→ **EXERCISE DIRECTIONS**: When you transcribe the lines below, keep every word the same and leave the pictures behind.

→ **SUPPLIED MATERIAL**:
☆ ☆ ☆
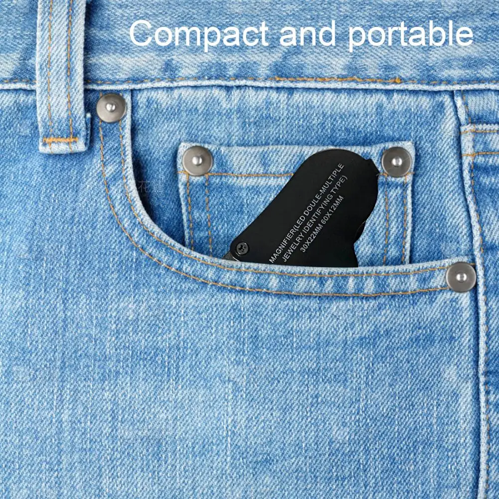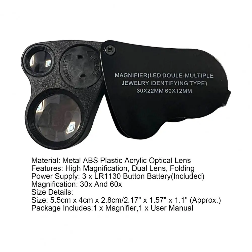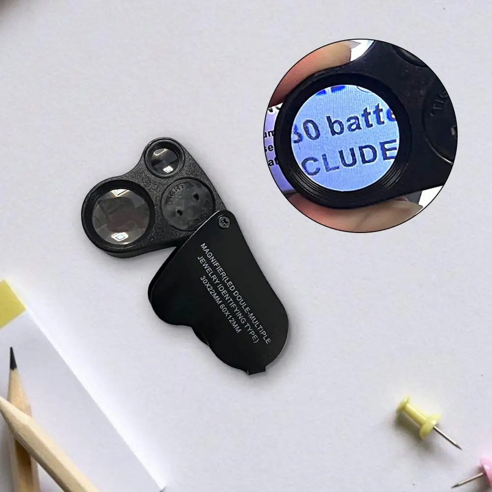 1 Set LED Magnifier Folding Dual Lens High Magnification Ergonomics Magnifying Objects 30x 60x Pocket Magnifying Glass for Outdoor
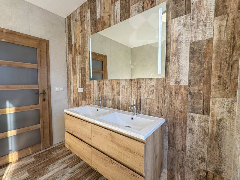 Moderní novostavba 4+kk s výhledem na České středohoří v obci Černiv, okres Litoměřice. Nájezd na dálnici D8 je 10 minut cesty. Hledáte místo, kde se snoubí klid venkova, moderní bydlení a dechberoucí výhledy na České středohoří? Pak vás tento dům v obci Černiv zaručeně osloví. Nabízím k prodeji moderní rodinný dům, zkolaudováný před Vánoci roku 2025, který splňuje veškeré nároky na komfortní a úsporné bydlení. Dům má zastavěnou plochu 180 m2 a podlahovou plochu 150 m2. Dispozice 4+kk je navržena s důrazem na prostor, světlo a praktičnost. Dominantou domu je prostorný obývací pokoj s kuchyní o velikosti téměř 45 m2, který nabízí ideální místo pro rodinný život i setkávání s přáteli. Hlavní přednosti domu: - moderní plovoucí podlahy v celém obytném prostoru - podlahové vytápění v celém domě + plovoucí podlaha - úsporné tepelné čerpadlo voda vzduch - koupelna se sprchovým koutem, vanou a toaletou - samostatné WC u vstupu do domu - vazníková střecha poskytující velkorysý úložný prostor - klidná lokalita s krásnými výhledy do okolní krajiny Tento dům je ideální volbou pro ty, kteří hledají nové, moderní a úsporné bydlení v přírodě, ale s dobrou dostupností do okolních měst. Informace k PENB - Celková dodaná energie: 111 kWh/m2.rok (třída B). Měrná potřeba tepla na vytápění: 70 kWh/m2.rok V případě zájmu mě neváhejte kontaktovat. S financováním Vám rádi pomůžeme.
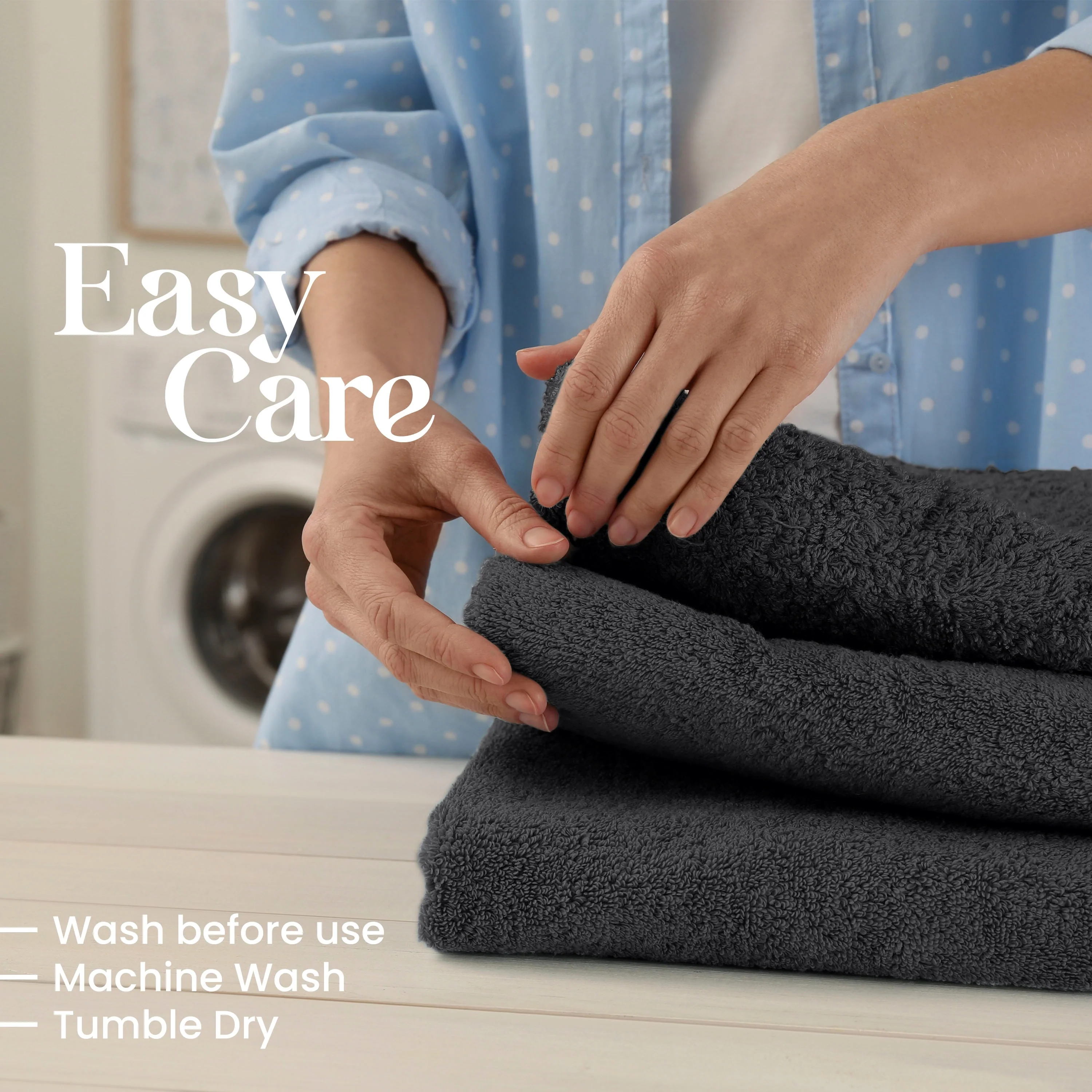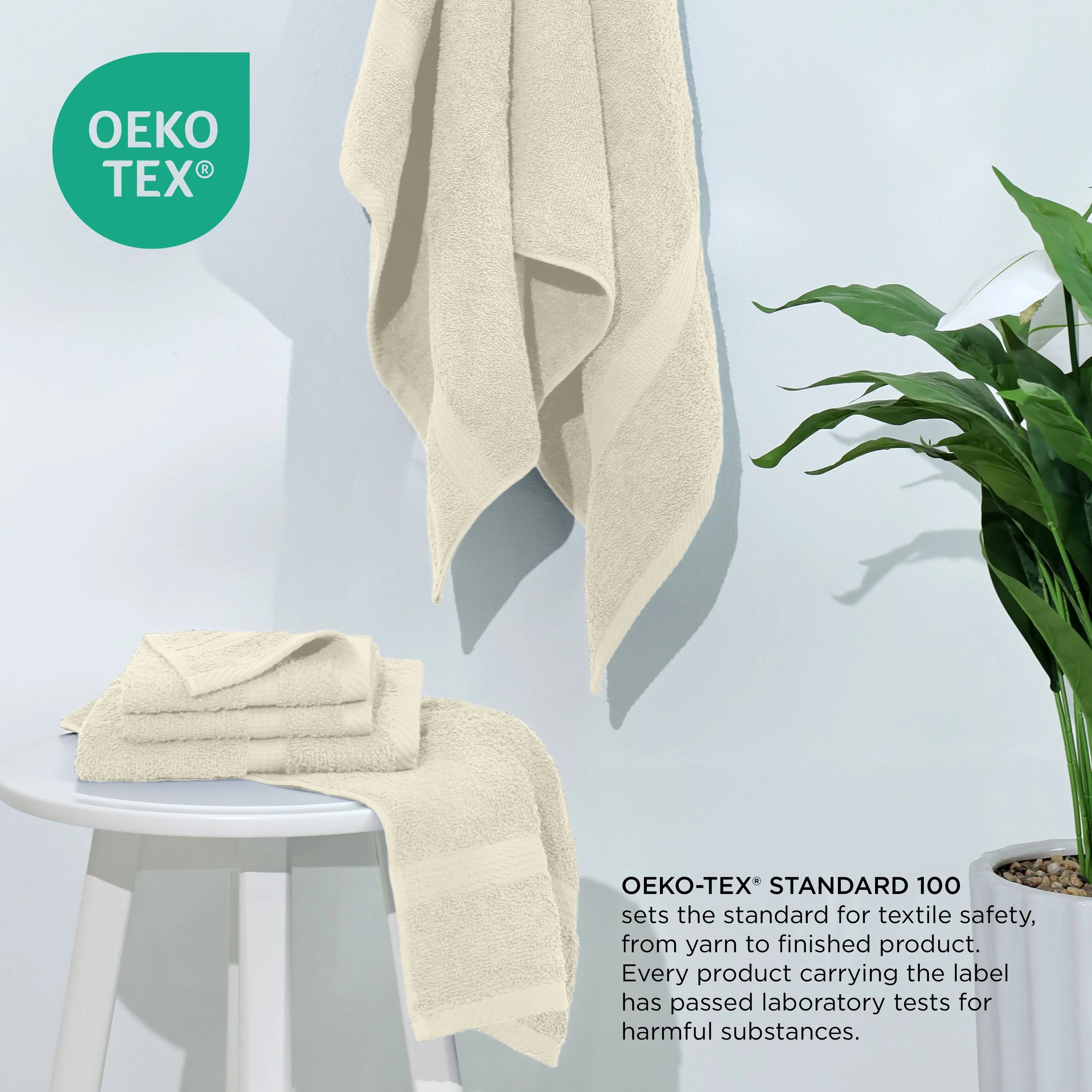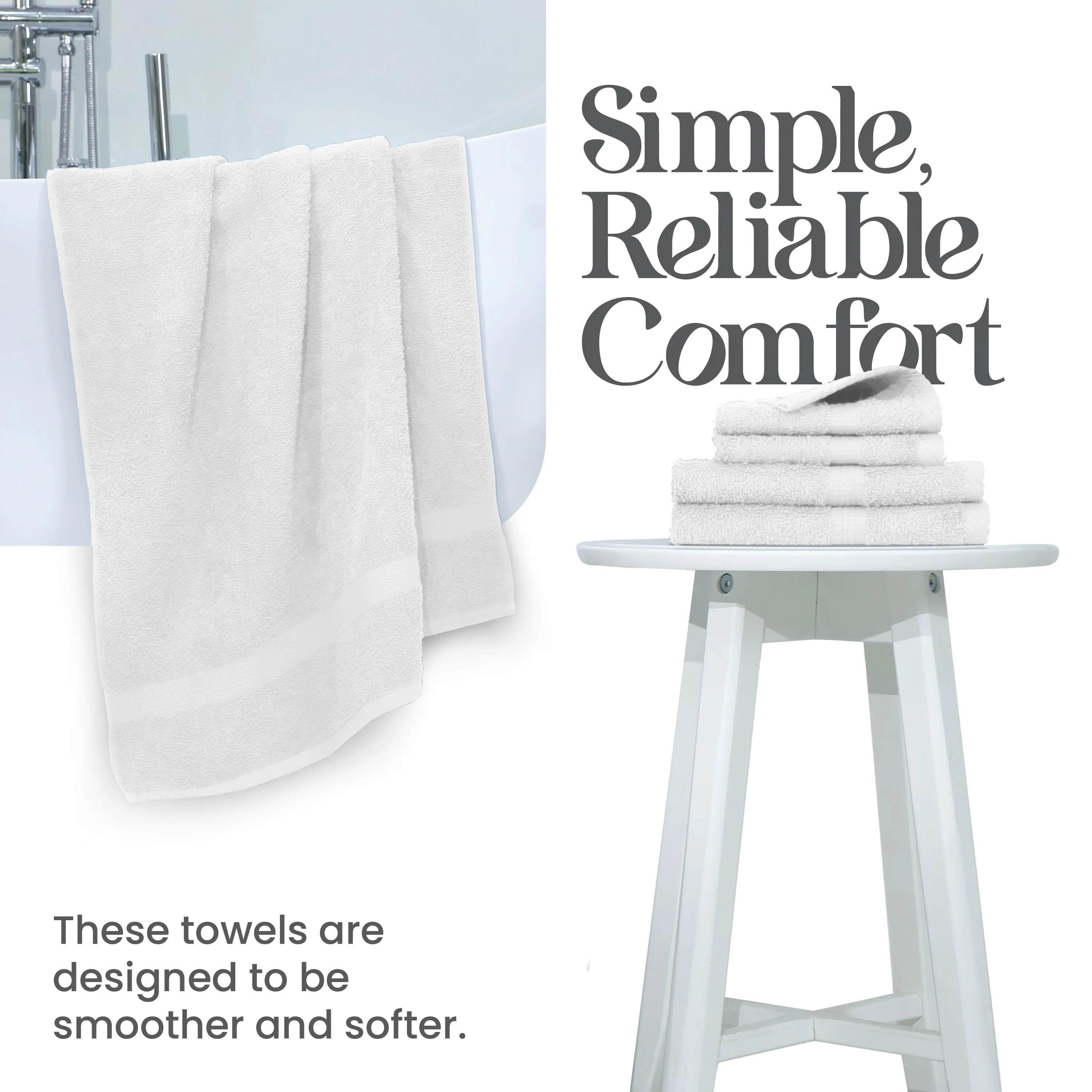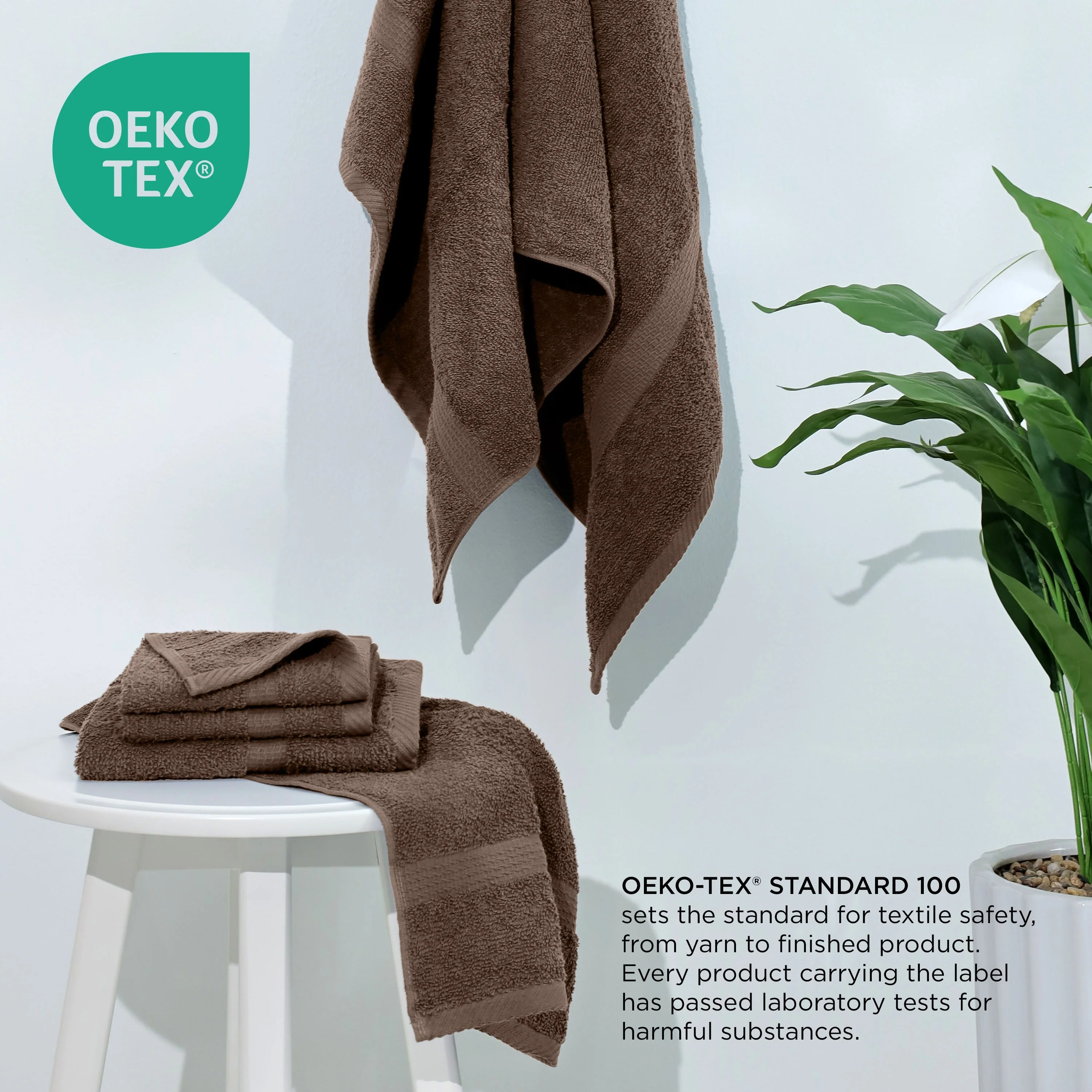 - 6-Piece set includes: (2) bath towels, (2) hand towels, and (2) wash cloths
☆ ☆ ☆
→ **OUTPUT OF THE EXERCISE**:
 1 Set LED Magnifier Folding Dual Lens High Magnification Ergonomics Magnifying Objects 30x 60x Pocket Magnifying Glass for Outdoor
 Moderní novostavba 4+kk s výhledem na České středohoří v obci Černiv, okres Litoměřice. Nájezd na dálnici D8 je 10 minut cesty. Hledáte místo, kde se snoubí klid venkova, moderní bydlení a dechberoucí výhledy na České středohoří? Pak vás tento dům v obci Černiv zaručeně osloví. Nabízím k prodeji moderní rodinný dům, zkolaudováný před Vánoci roku 2025, který splňuje veškeré nároky na komfortní a úsporné bydlení. Dům má zastavěnou plochu 180 m2 a podlahovou plochu 150 m2. Dispozice 4+kk je navržena s důrazem na prostor, světlo a praktičnost. Dominantou domu je prostorný obývací pokoj s kuchyní o velikosti téměř 45 m2, který nabízí ideální místo pro rodinný život i setkávání s přáteli. Hlavní přednosti domu: - moderní plovoucí podlahy v celém obytném prostoru - podlahové vytápění v celém domě + plovoucí podlaha - úsporné tepelné čerpadlo voda vzduch - koupelna se sprchovým koutem, vanou a toaletou - samostatné WC u vstupu do domu - vazníková střecha poskytující velkorysý úložný prostor - klidná lokalita s krásnými výhledy do okolní krajiny Tento dům je ideální volbou pro ty, kteří hledají nové, moderní a úsporné bydlení v přírodě, ale s dobrou dostupností do okolních měst. Informace k PENB - Celková dodaná energie: 111 kWh/m2.rok (třída B). Měrná potřeba tepla na vytápění: 70 kWh/m2.rok V případě zájmu mě neváhejte kontaktovat. S financováním Vám rádi pomůžeme.
 - 6-Piece set includes: (2) bath towels, (2) hand towels, and (2) wash cloths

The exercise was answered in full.